Утром меня будит Седой, и мне хочется послать его ко всем чертям. Вот так, в одно мгновение, внутри выработалась ненависть к некогда лучшему другу. И я жалею, что предложил сделку именно ему, что снова встретился с ней, с девчонкой, которая вспорола моё сердце своим побегом. Почему она сбежала без объяснений? Ответит ли она когда-то на этот вопрос? Скорее всего, нет. Потому что я не собираюсь задавать ей его.

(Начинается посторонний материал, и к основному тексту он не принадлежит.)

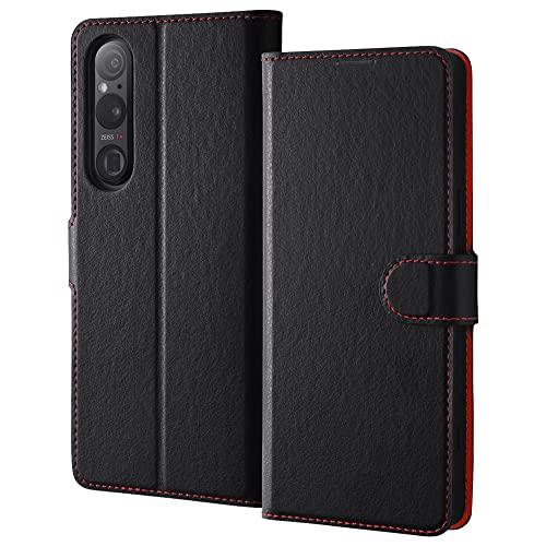 Xperia 1 V 耐衝撃 手帳型レザーケース シンプル マグネット ブラックレッド RT-RXP1M5ELC1/BR
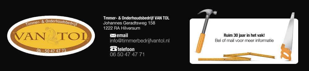 Zoekt u iemand voor ambachtelijk timmerwerk? Dan bent u aan het juiste adres bij Timmer- & Onderhoudsbedrijf Rob van Tol. Als het gaat om verbouw, onderhoud of renovatie van uw huis, Rob doet het allemaal. Ook voor dakkapellen, kozijnen, veranda’s, sauna’s of een prieel kunt u contact opnemen.
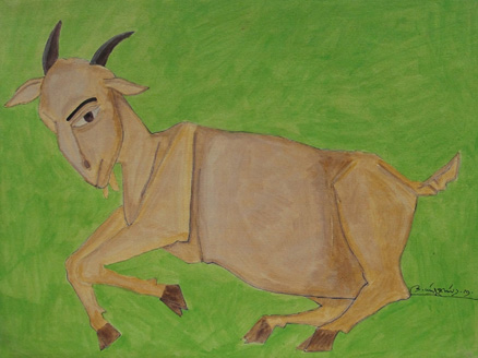 When one looks at Goud’s work, rustic, raw, and potent might be the first words that come to mind. His portraits of men and women represent the dynamic Indian ethos rather than particular individual identities. A recurrent theme with the artist is that of the erotic, treated as an active and powerful aspect of male and female sexuality and existence. Goud’s work is dramatic; his protagonists are raw and vivacious in their appeal, imbibed with energy that reverberates through his strokes and textures. Most of Goud’s art is centered on the rural, recreating landscapes from his childhood as if they were frozen in time. In the artist’s later work, his figures turn softer, more introspective than brash in their outlook.

– Седой, долго же ты рожаешь! – отвечаю я с пренебрежением в голосе. – Знаешь, я же уже успел предложить идею нескольким ребятам, и они вроде как хотят взяться.

– Дикий, здоров! Ну какие ребята? Ты чё? Все нормалёк, я всё уладил. Пацанчик один подсказал, как бабки вывести грамотно из бизнеса. Давай встретимся сегодня в клубе? Обсудим все детали и начинаем мутить водичку!

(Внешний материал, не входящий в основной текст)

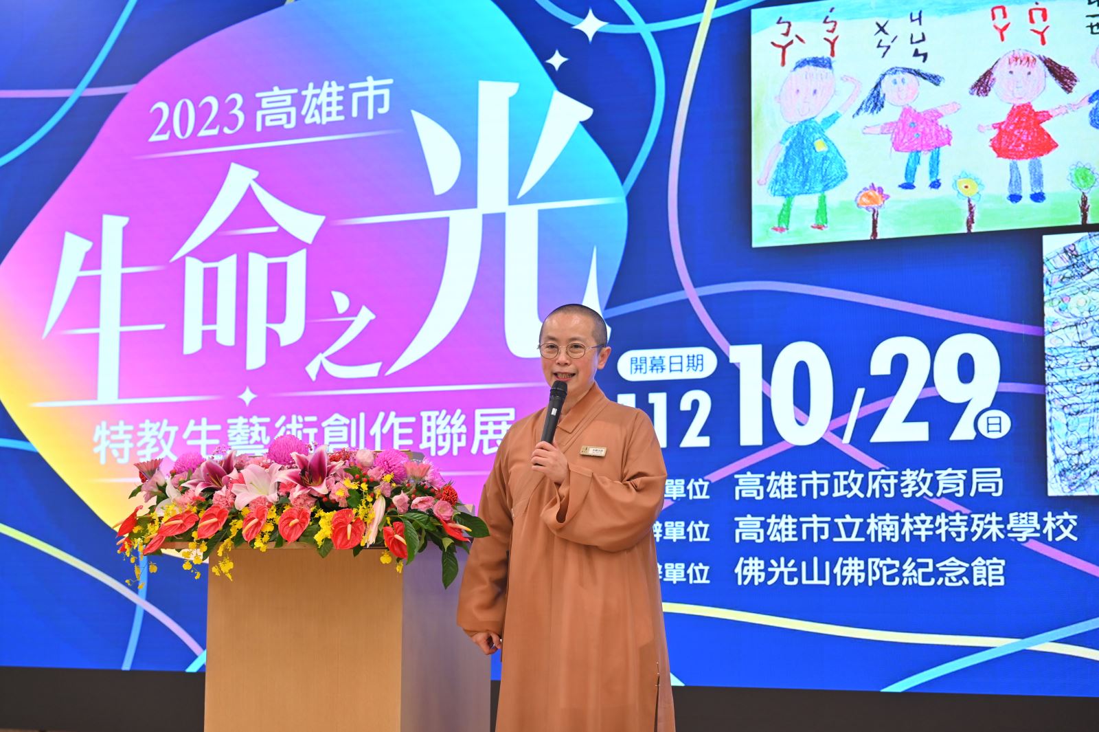 圖說:佛陀紀念館副館長永融法師表示,感謝「高雄市特教生藝術創作聯展」每年在佛館展出,以及說明即將展開的「2023國際書展暨蔬食博覽會」。圖/佛光山佛陀紀念館

– В клубе? – меня почему-то удивляет его предложение. – Ты же вроде как семейный?

– Пфф… И что? Не имею права в клуб зарулить? Тем более баба моя совсем деревянная последние дни. Пацан болеет, и она вся в нём, всё свободное время ему уделяет… Бесит уже. Ну так чё? Встретимся?

Я сжимаю трубку в руке, слушая скрежет пластика, который появляется от сильного нажима. У него сын болеет, а он говорит о деревянности жены? Да я бы сам не отходил от кроватки собственного ребёнка, а тут… Впрочем, не мне судить, детей у меня нет. И вряд ли появятся в ближайшее время.

– Лады. В нашем клубе, в десять.

– Тусанём, как в былые времена, Дикий! – оживляется Седой, а мне хочется дать ему в пятак, и я понимаю, что причина столь резкому негативу, пробуждающемуся к лучшему другу, кроется в бабе, которую он у меня увёл.

Мысли улетают в прошлое, в день нашей с ней ссоры… В день, когда в наших отношениях появилась трещина.

– Почему ты не сказал мне, что связан с криминалом? Почему? – колотила меня своими маленькими кулачками Малая, а я пытался успокоить её и прижимал к себе.

– Ну какой криминал? Ну ты чего? Это всё так… мелкое баловство.

– Мелкое баловство? Отец говорит иначе, – шмыгнула она носом и посмотрела мне в глаза.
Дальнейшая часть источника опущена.